In a globalised world, it is argued, individuals no longer see themselves as just members of a nation and/or a class. Their identities are formed by their experience as members of a global community where national differences have less and less significance, and where their sense of citizenship has to embrace difference and diversity. A recent consultation paper calls for museums and galleries to re-examine their roles in relation to society today: ‘We are more inclusive, and less elitist, more diverse and less deferential…. Consequently the context in which the public enjoys and makes use of museums – their collections, knowledge and buildings – has altered. Today people have different expectations, preferences and needs. Their cultural identity is perceived as more difficult to define and pin down, they are in large measure more demanding about the experiences they seek.’ (9)

The perceived danger is that unless young people’s cultural identity is forged through association with the institutions of Western society, young people may be more susceptible to anti-Western influences, such as Islamic terrorist organisations. An advocate of museums’ role in developing citizenship has argued: ‘Heritage matters to young people. They may not know it, but it does. Understanding what we have inherited, drawing meaning from our surroundings, enables us to make better sense of who we are and who we might become.’ (10)

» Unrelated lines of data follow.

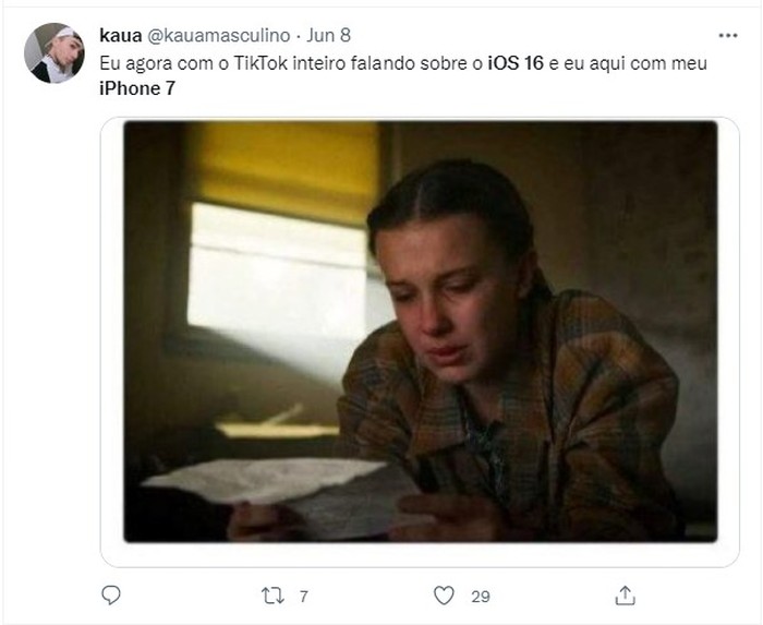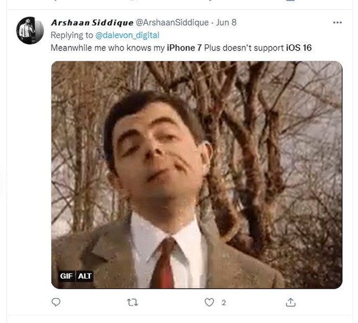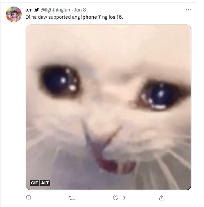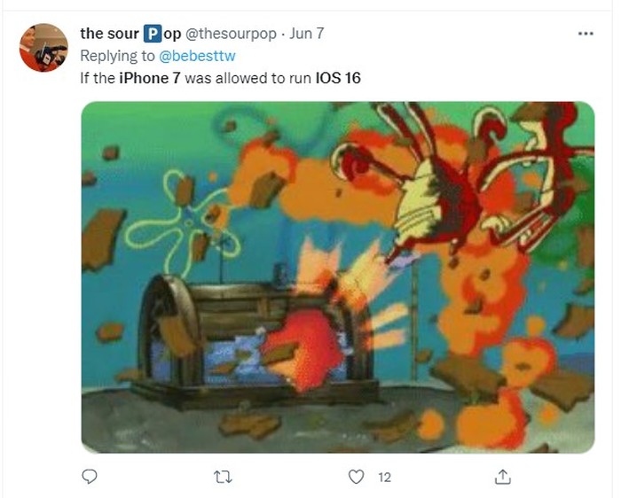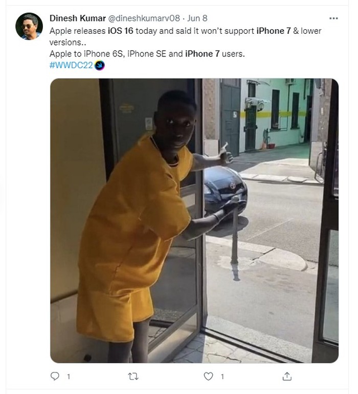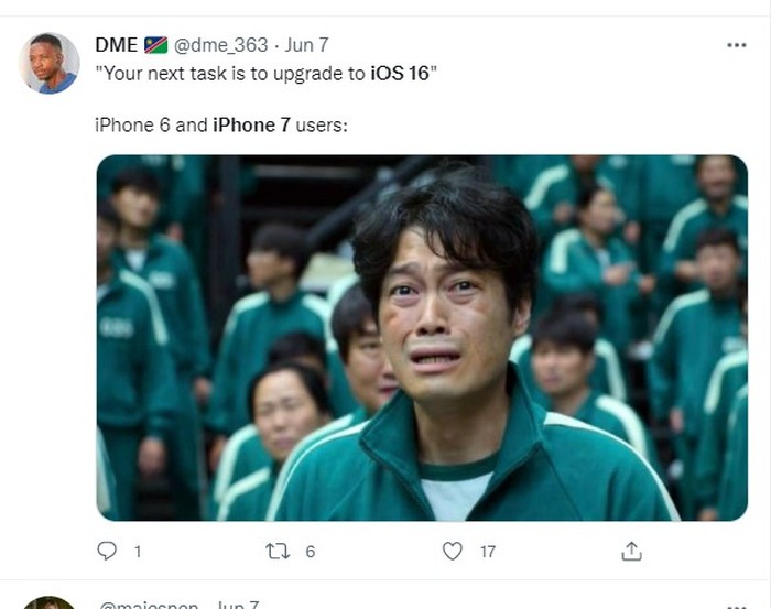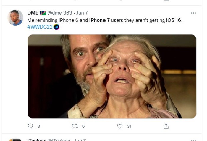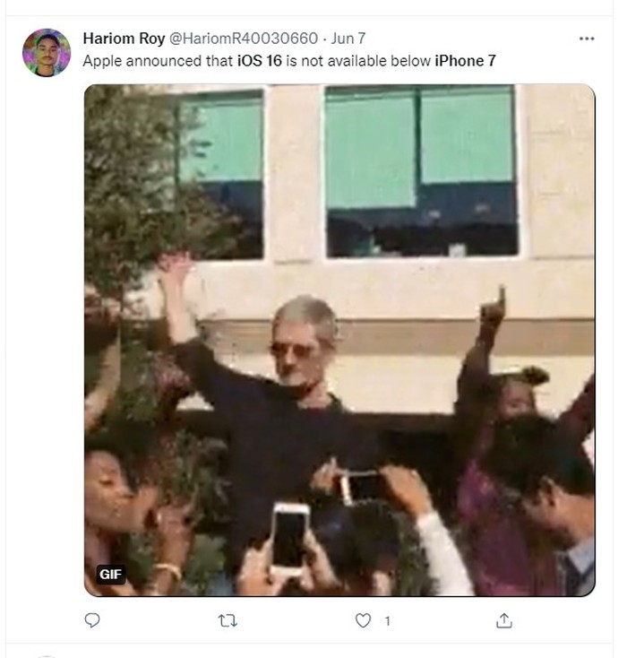 Reaksi penngguna iPhone 7 saat pengumuman perangkat pendukung iOS 16. Foto: via Twitter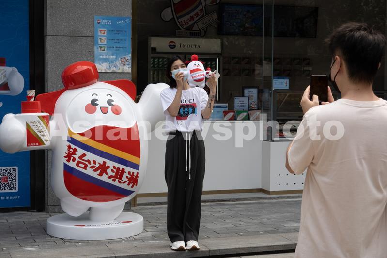 2022年8月30日,上海,当天中午,茅台冰淇淋位于思南公馆的旗舰店前顾客络绎不绝,不少“抓到”茅台冰淇淋娃娃的顾客在店前留影,现场气氛欢乐。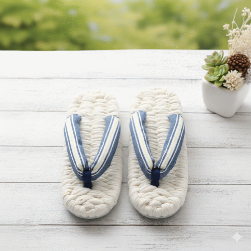 これからの季節にぴったりな、清涼感あふれるマリンブルー×ホワイトボーダーの布ぞうりです。

Those who reject the idea that young people are apathetic argue that traditional organisations need to adapt to young people’s interests in order to engage them. Now that politics is regarded with such suspicion and disdain, it is said, non-political institutions are seen as central to the process of engaging them as citizens. But citizenship in this context no longer means a general knowledge of our right to vote, the main political parties and our system of local and national government. It now involves something much more invasive: an expectation that individuals must identify with their local community and through this with something more amorphous (because no one likes to talk too much about nationalism these days) but which broadly represents a sense of national identity.

The government is demanding that institutions responsible for culture and heritage introduce themselves into the process of identity formation, because heritage is seen as offering young people a means of developing their sense of belonging. As part of the public realm, ‘the shared space…over which all citizens have ownership’, they are seen as ‘a means of helping citizens understand their place in the world and its heritage’ (11).

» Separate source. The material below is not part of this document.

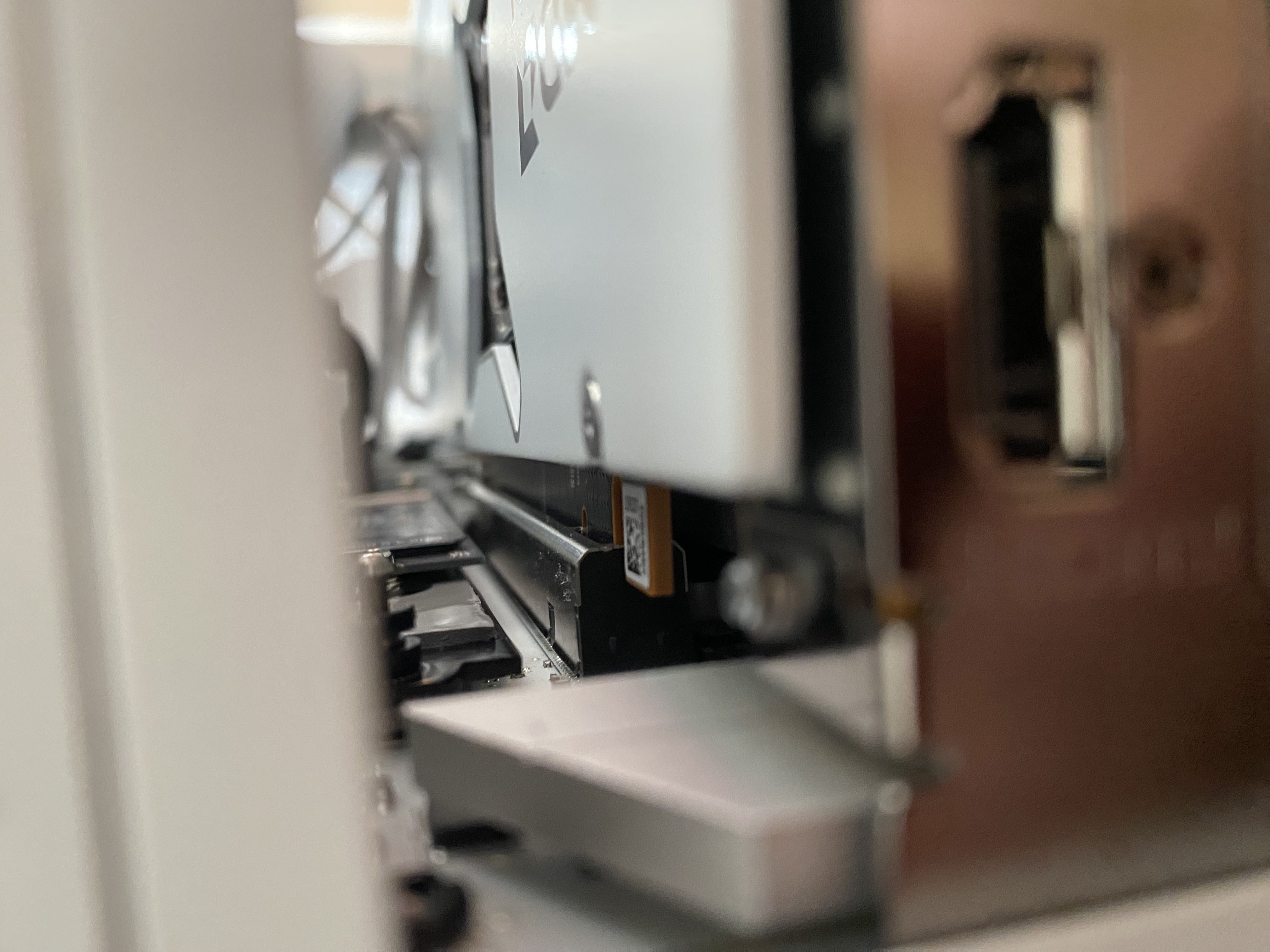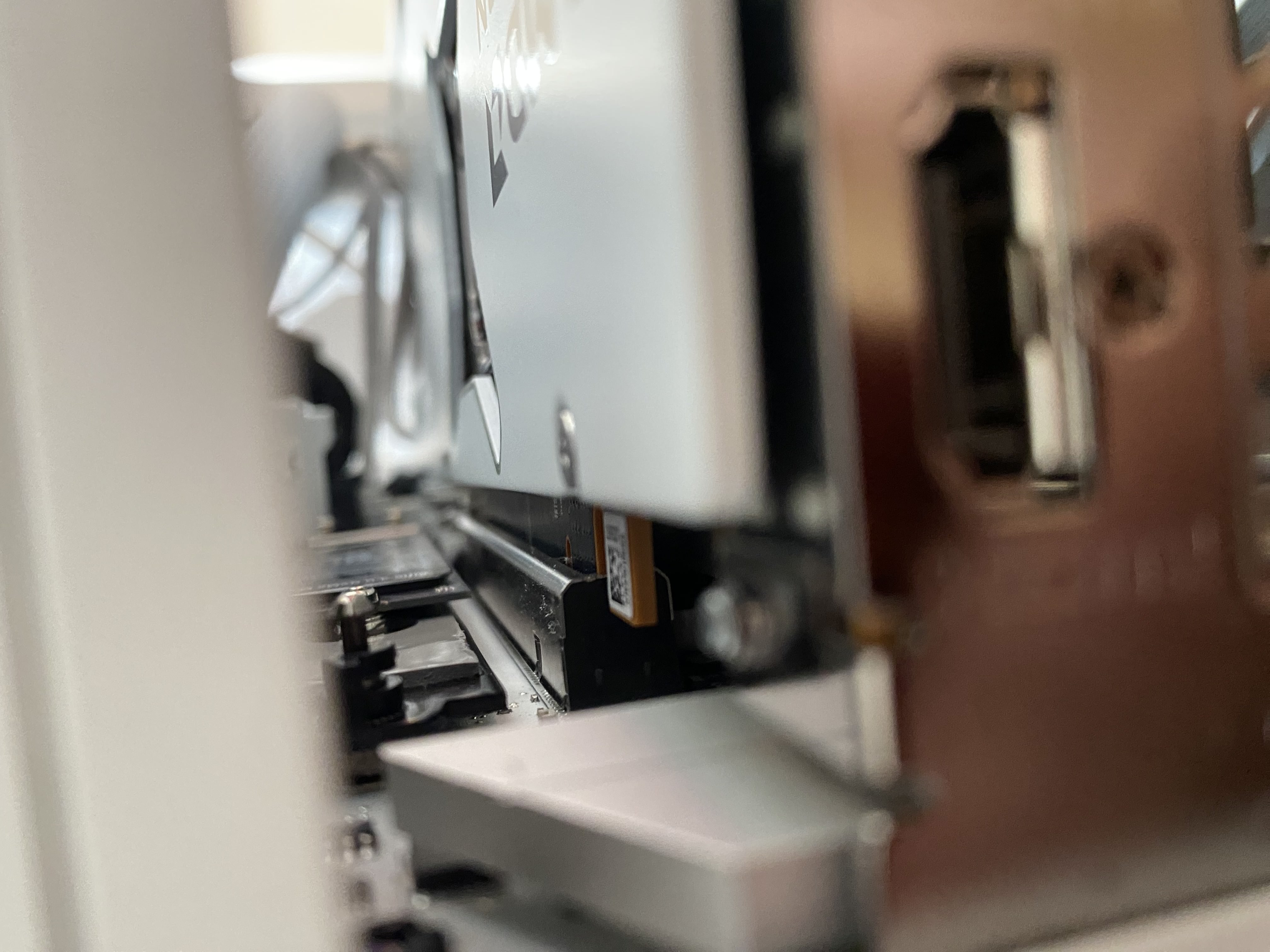 Case mám tenhle, NZXT H7 Flow RGB (2024) All White, napadlo mě to, jestli nezkusit grafiku ještě nějak teoreticky na sílu dotlačit, ale mám strach, abych tam nějak např neponičil ten PCI slot nebo piny na grafice. Snad tyhle fotky něčemu pomůžou, případně můžu odpojit PC a vyfotit ho jinak.

Josie Appleton has critically examined on spiked how galleries and museums have steadily adopted this new role, seeing cultural artefacts as ‘vessels for different individuals’ identities’ and giving their visitors ‘a more secure sense of personal identity’ rather than concentrating on offering displays of good art (see Art for inclusion’s sake, by Josie Appleton). This is well illustrated in a joint report by the DCMS and the Department for Education and Skills (DfES), where the authors argue that museums can provide alternative types of engagement with ‘inspirational and identity-forming elements of learning’ (12), and can link to ‘broad and current’ social agendas particularly in relation to young people, such as: ‘The construction of identities in diasporic and post-colonial communities, the reconceptualisation of history and tradition to encompass previously hidden or buried histories, the working towards greater social justice and combating disadvantage and deprivation…. These critical issues of identity, difference and voice need to become more central to museum philosophy.’

A strong sense of identity is seen as lying at the heart of citizenship, because individuals who identify with their society and culture implicitly also feel socially included. Thus it is believed that it will be possible to counteract social alienation, by actively engaging young people in the cultural and civic life and traditions of our society. This sense of cultural identity must embrace social values such as tolerance and social responsibility. Buckingham and Jones have summarised arguments made by the Arts Council of England (ACE) and others, that cultural activity promotes tolerance, respect for difference and social responsibility in a multicultural society, facilitating social cohesion at a time when tradition and authority are being undermined. As they point out, the government believes that participation in the arts helps in developing a sense of identity and community and raising self-esteem (12a).

The Department of Work and Pensions’ National Action Plan for Social Inclusion included targets for museums and galleries ‘to enhance access to a fuller cultural…life for children and young people’ (13). One consultant has suggested, ‘social inclusion provides a way forward for the development of the sector in the twenty-first century’ (14).

Over the past few years there has been growing investment within the heritage sector to develop projects in museums and galleries that encourage the engagement of young people. Since 2001 the Heritage Lottery Fund, in partnership with the National Youth Agency, has provided annual grants worth up to £25,000 to Young Roots projects which aim to engage 13- to 20-year-olds in informal settings, in learning more about their heritage, in the belief that ‘heritage activities, such as the preservation of historic sites and local history work, can contribute to social inclusion within communities’ (15).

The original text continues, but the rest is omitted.